In Sister Teresa’s 13 years at the monastery, volunteers have come weekends to two weeks to experience monastic life or to help with a project.

“Most are middle-aged, but Kelly’s stay gave the sisters a chance to see how an 18-year-old would experience monastery life,” said Sister Teresa, who entered the monastery when she was 35 and made her profession in 2003.

The community has 57 sisters, 45 of whom live at the monastery.  Others minister and live in Idaho, Washington, Minnesota and California as a college professor, a second grade teacher, a teacher at a charter school for gangs, nurses, hospital chaplains, pastoral associates and social workers.

“We live together as a committed community, transformed by and rooted in God, out of which we go out to the world to do different types of ministries and to manifest God’s power,” she said.

The sisters at the monastery provide hospitality for group and individual retreats, run the bed and breakfast they opened in the summer, raise much of their own food, make natural products and run a museum of the history of North Central Idaho.

Their ministries include healing, hospitality, peace and justice, prayer, spirituality, stewardship and monastery industries.

Sister Teresa said Benedictines are the oldest religious order in the Western world, founded in the 6th century.  They have been around for more than 1,500 years. 

Each monastery is autonomous, but they have a loose federation for mutual support and accountability.  There are more than 100 monasteries for men and women in the United States.

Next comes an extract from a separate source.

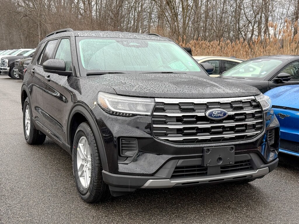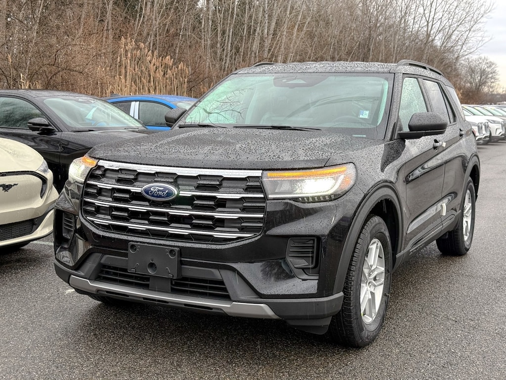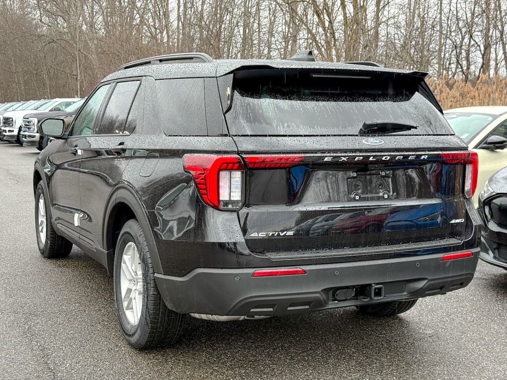 Agate Black Metallic 2026 Ford Explorer Active 4WD 10-Speed Automatic 2.3L EcoBoost I-4 Dealer Detailed, Oil Change, Dealer Inspected, 2nd Row 35/30/35 Bench with E-Z Entry and Armrest, 3rd row seats: bench, 4-Wheel Disc Brakes, 6 Speakers, ABS brakes, Air Conditioning, Alloy wheels, AM/FM radio: SiriusXM with 360L, AM/FM Stereo, Apple CarPlay/Android Auto, Auto High-beam Headlights, Automatic temperature control, Brake assist, Bumpers: body-color, Compass, Delay-off headlights, Driver door bin, Driver vanity mirror, Dual front impact airbags, Dual front side impact airbags, Electronic Stability Control, Emergency communication system: 911 Assist, Exterior Parking Camera Rear, Ford Connectivity Package (one-Time Purchase - 7 Years), Four wheel independent suspension, Front and 2nd Rows Floor Liners with Carper Floor Mats, Front anti-roll bar, Front Bucket Seats, Front Center Armrest, Front dual zone A/C, Front License Plate Bracket, Front reading lights, Fully automatic headlights, Heated door mirrors, Illuminated entry, Knee airbag, Low tire pressure warning, Navigation System, Occupant sensing airbag, Outside temperature display, Overhead airbag, Overhead console, Panic alarm, Passenger door bin, Passenger vanity mirror, Power door mirrors, Power driver seat, Power steering, Power windows, Rear air conditioning, Rear anti-roll bar, Rear reading lights, Rear window defroster, Rear window wiper, Remote keyless entry, Security system, Speed control, Speed-sensing steering, Speed-Sensitive Wipers, Split folding rear seat, Spoiler, Steering wheel mounted audio controls, Tachometer, Telescoping steering wheel, Tilt steering wheel, Traction control, Trip computer, Variably intermittent wipers, Wheels: 18" Sparkle Silver-Painted Aluminum.

Sister Teresa, who was not raised in a faith, grew up in the San Francisco area and became an American Baptist in college.  She practiced law and worked in social services before she became Catholic and decided to enter a Benedictine monastery.

After “falling in love with the community” on a week-long visit there, she spent two years discerning before entering formation. 

“I felt called to be here, to follow the Benedictine monastic tradition, rooted in living with a group of people on a journey together seeking God day after day, year after year,” she said.

Sister Teresa said she has become a person living for others.

While simplicity is part of community life, she said “we have computers, cars and middle-class conveniences, but we live in a way that is different from the predominant culture.”